As you begin to set up your classrooms think about how to plan areas in your classroom which target various language skills on level with your students’ communication abilities. If you can include different language opportunities into your daily routine it makes the communication happen! Here are just a few ideas which may be beneficial to include in your
- Morning Greetings – Have the students greet you and the other adults in the room every day when they enter the room. For non-verbal students you might hang a “hi” sign on the door and the student can touch the sign and direct their attention toward you or the other adult to greet them. Students with AAC devices can take the time to get out the device because they will need it for the school day and use the greetings page on the device after they enter the classroom to greet others. For verbal students you can have the students practice saying “hi” and the teacher’s name and maybe even the “how are you today?” question. This helps students practice answering and asking how another person is on a daily basis. The students can work on answering with different emotions such as “tired”, “happy”, or “grumpy” because the student should not feel the exact same every day!
- Calendar Time/Morning Routine – Take time every day for the students to help you fill in the parts of the calendar and practice the days of the week/date. If the students help fill in sections within the calendar and participate in the routine it makes it more meaningful. For example, if you have a lower functioning student, the student can take the day of the week (Monday) label and attach it over the Monday word on the calendar. For another student, you can give the student a choice of 2 days. “Is today Monday or Friday?” and have the student select the correct word to add to the calendar. The students can also practice saying the days of the week and counting to the current date every day to practice counting. If you have a non-verbal student in the group, the student can help point to the days of the week on the calendar as you and/or other students say the days of the week or if the student has a dynamic AAC device the student can push the days of the week on the device.
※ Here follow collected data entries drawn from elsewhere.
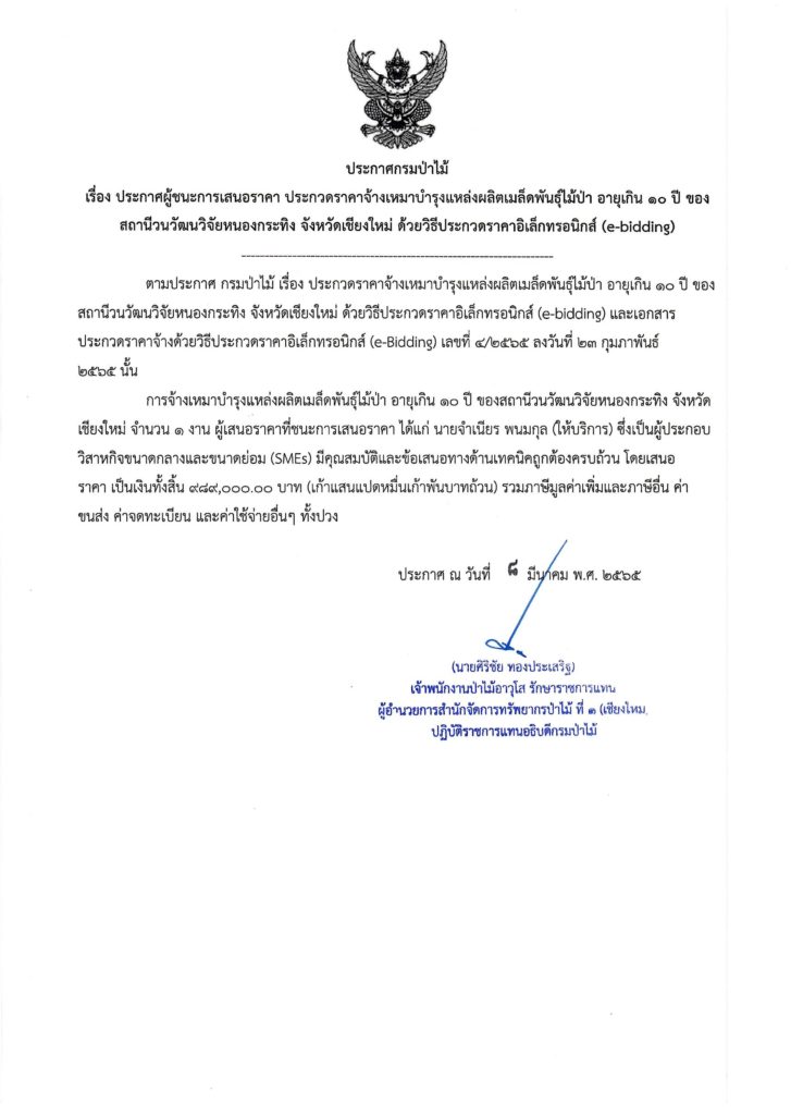 ประกาศกรมป่าไม้ เรื่อง ประกาศผู้ชนะการเสนอราคา ประกวดราคาจ้างเหมาบำรุงแหล่งผลิตเมล็ดพันธุ์ไม้ป่า อายุเกิน 10 ปี ของสถานีวนวัฒนวิจัยหนองกระทิง จังหวัดเชียงใหม่ ด้วยวิธีประกวดราคาอิเล็กทรอนิกส์ (e-bidding)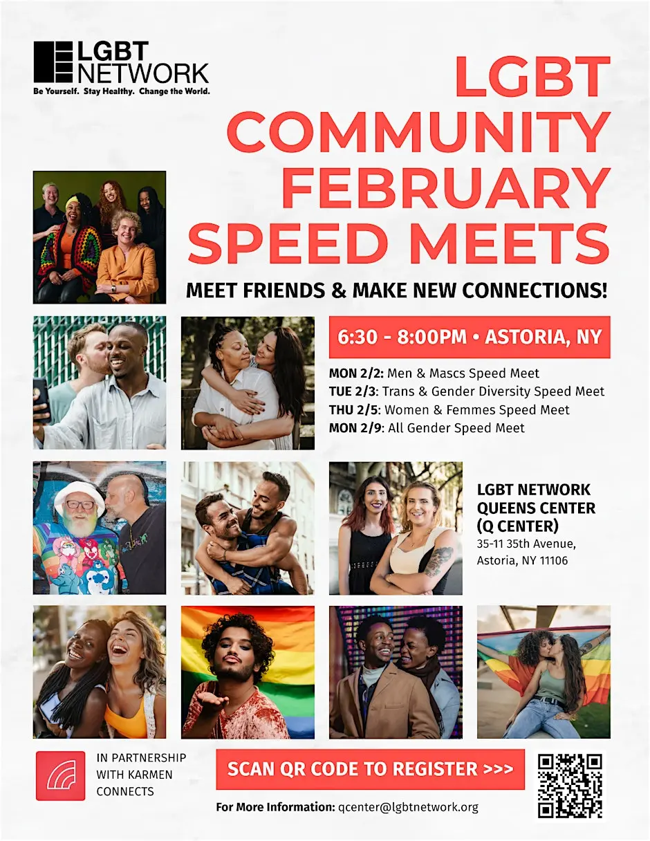 Feb 5 Women & Femmes Community Mixer: Speed-Meet! 6:30 pm - 8:00 pm Q-Center 35-11 35th Avenue, Queens Event Details Get Directions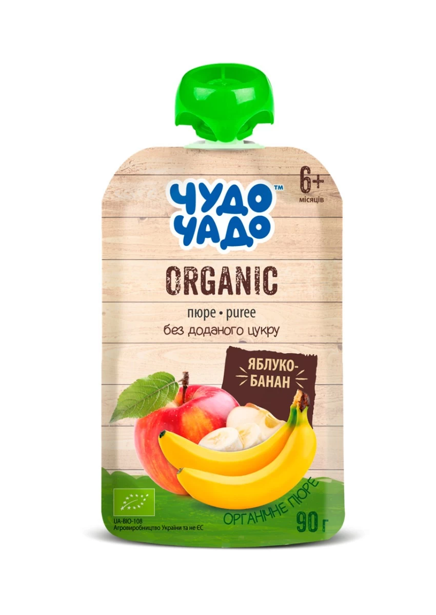 Состав: пюре яблочное органическое (70%), пюре банановое органическое (30%).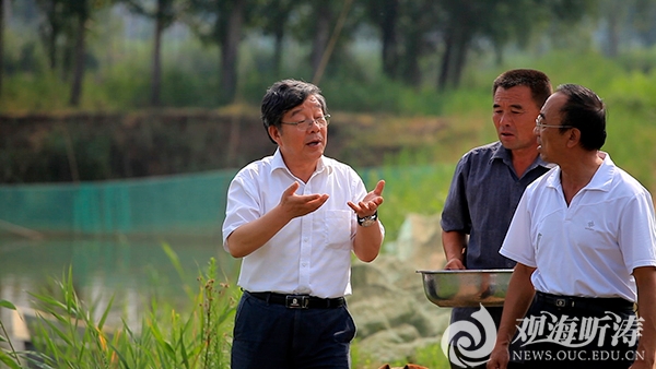 2014年9月,开云电竞网址水产学院教授董双林(左一)从事海水池塘高效清洁养殖技术研究与应用。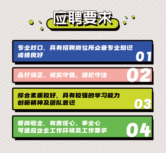 1.2024年普通高等教育应届毕业生,研究生及以上学历、硕士及以上学位,2024年7月31日前取得毕业证、学位证。2.拥护中国共产党领导,政治立场坚定。思想品德良好,遵守国家法律法规和学校规章制度,遵守社会公德,认同山东健康集团企业文化。3.在校期间学习成绩优异,具有大型企业实习经历,具备学校社团工作经历。具有良好的适应能力、学习创新能力、独立工作能力和团队协作能力。学生干部、学生党员、在校期间获得奖学金等荣誉者优先考虑。4.身心健康。无违法犯罪和违反校纪校规等不良记录。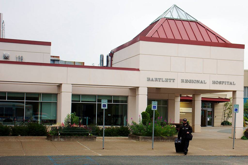 A person departs Bartlett Regional Hospital on Wednesday morning. Hospital officials said Tuesday they expect to begin providing home health and hospice care services as soon as Thursday, after they were halted last October by an organization which had provided such services locally for 20 years. (Mark Sabbatini / Juneau Empire)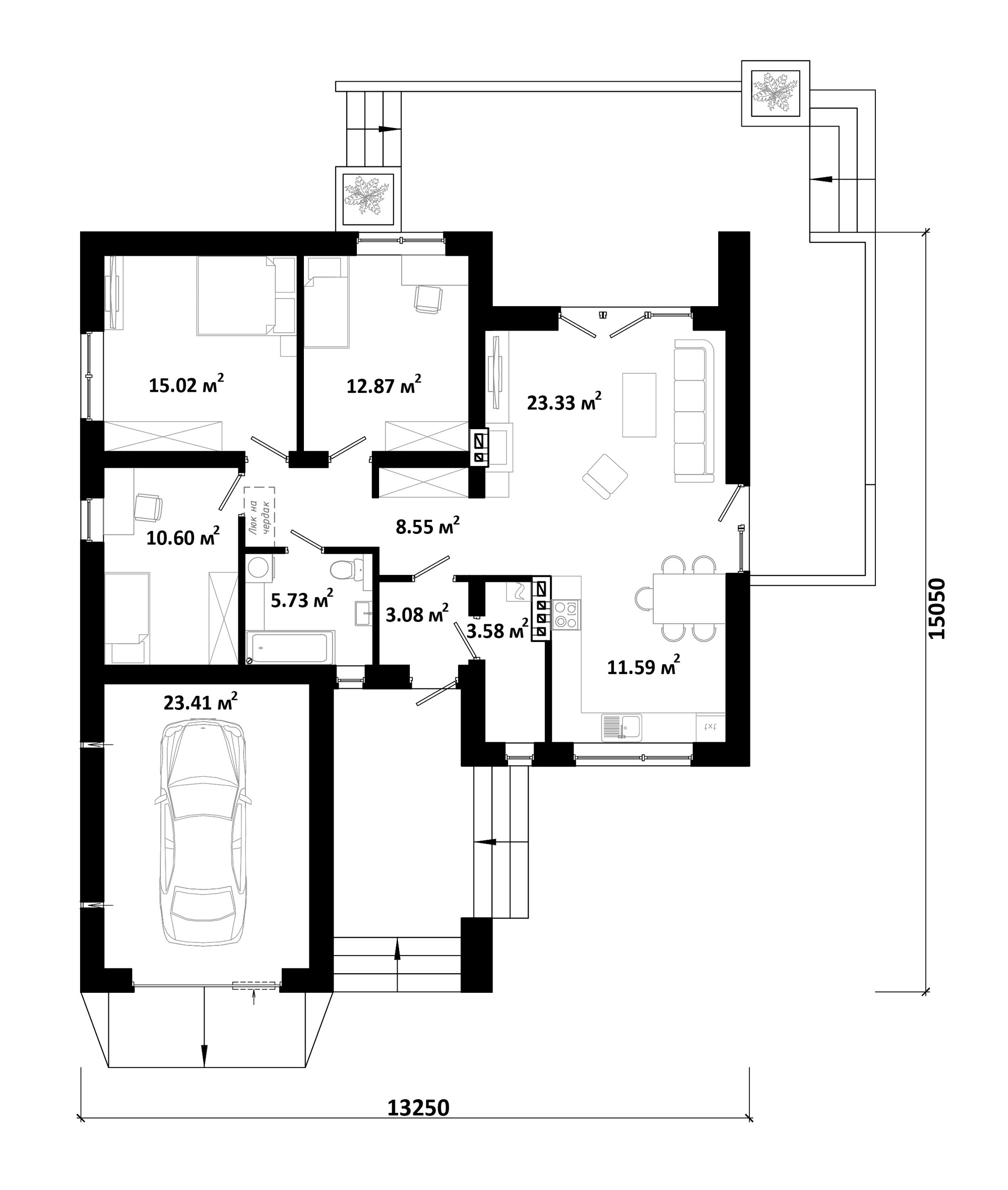 Это дом небольшой площади с тремя спальнями, гостиной, кухней гаражом на одно машино-место. Кроме указанных помещений в доме есть ванная комната и помещение мини-котельной. Из гостиной можно выйти на террасу обрамленную цветниками.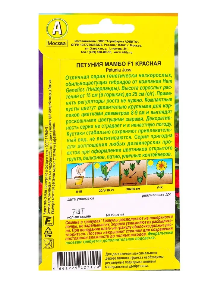 Семена цветов Петуния Мамбо F1 красная многоцветковая (драже) С. Hem Genetics, Ц/П,7 шт.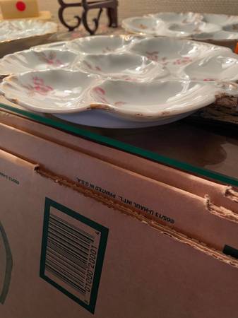 8 Haviland French porcelain oyster dishes, each holds 6 oysters plus sauce. Good for raw or cooked oysters. From a deceased grandmother and hardly used. $5 each or set for $40.00. Cash only. Will...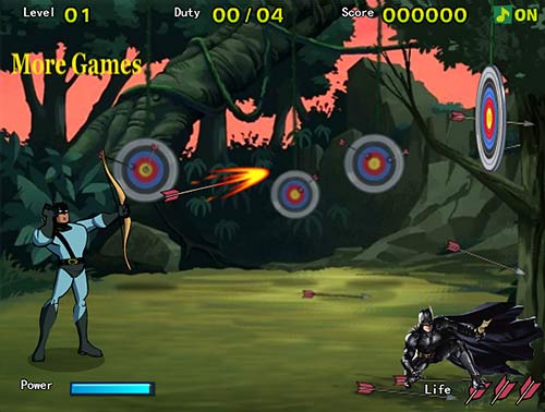 This game has only one scene. Batman shoots at moving target, which is moving up and down in the right side of the screen. To finish level one, you have to hit the target 4 times and you mustn't miss more than twice. Third miss is taking you out of the game. On the second level the target is moving somewhat faster and needed number of hits is 10. In the lower left corner you have a power meter showing the strength used to shoot an arrow. At maximum speed Batman shoots out fiery arrows which are also the fastest. Hit basically depends on two parameters: an angle and speed of the shot, just like in real archery. You use only mouse to play. Mouse movement chooses the angle and left click shoots out an arrow.

This is a great time for students with AAC devices to use their device to participate in a calendar routine. Depending on your students skill levels you can add other things such as greeting a peer, weather activities, or monthly holidays into the routine.
- Question of the Day – Have a question of the day the students need to answer during morning group/teacher time. The question can be different for different groups of students but this really incorporates that important skill of understand and answering “wh” questions every day. It’s also great because each student can get the opportunity to answer the question and listen to how his/her peer answers the question as well. This is also another opportunity for students with AAC systems to have a chance to answer a question too. You might need to change or simplify the questions to match the student’s ability on the communication system. For example, if the daily question is “what is your favorite dessert?” The verbal students can answer in a single word utterance or expand the utterance to a complete sentence….”my favorite dessert is ice cream”. A students with a dynamic device should be able to navigate the device to the food section and find the dessert item he/she likes. For a student with a core board you might have to change the question to give the student the opportunity to answer using core vocabulary words. You might ask “do you like dessert” because the student can touch yes/no on the communication board. Then you can ask them maybe a few different dessert options to see if he/she likes that dessert. Such as “do you like ice cream?”, “Do you like cookies?”, and “Do you like cupcakes?”. That way the student can practice using the yes/no pictures on the core board since core boards don’t have all those noun terms on the board. Question can vary from very simple concrete questions to more elaborate. For example “what color is a lemon?” or “where do you sleep at night” are very concrete questions. Asking “what if your favorite…or “when/why” questions can be more challenging.
- Word of the Day – Have a word of the day/week. You can have a word of the day so at the end of the week the students will have been exposed to 5 new vocabulary terms. The goal would be for the student to be able to identify a picture of those new vocabulary terms, verbally tell you what the word means, or use the word in the sentence. Again, you can have different level words for each day. You might have 3 different words – one for your lower group, middle group, and then higher group. Again, if you have it set up then you can just change up the words daily/weekly and incorporate them into daily activities so the student gets lots of exposure and practice to those new words. It is so important we continue to build up those vocabulary skills. Even if you just add one new word a week for some of your students it still is important.
- Vocabulary Board – For some of your higher students you can have a vocabulary board. You might work on synonyms, antonyms, multiple meaning words, or idioms. You can set up something similar to the word of the day. Maybe every day in your teacher time or during morning routine you add another pair of synonyms and focus on synonyms for a month. The next month work on antonyms and add a new set of antonyms every day. In Sasha’s classroom I had the higher group of students I worked with put up an idiom and multiple meaning word each week. Sasha was great and had a place on the wall that each week I added a new idiom and multiple meaning word from a pack I bought at Lakeshore Learning. I usually added the new cards at the end of the speech session and Sasha was awesome and reviewed them during the week until our next speech session. The students had fun acting out some of the idioms and multiple meaning words. These are very difficult concepts for the students so having that exposure really helped with understanding and retention.
There are many ways you can incorporate some of those critical language skills into your daily routine. If you take the time to set up some systems it makes communication happen and the school year run smoother!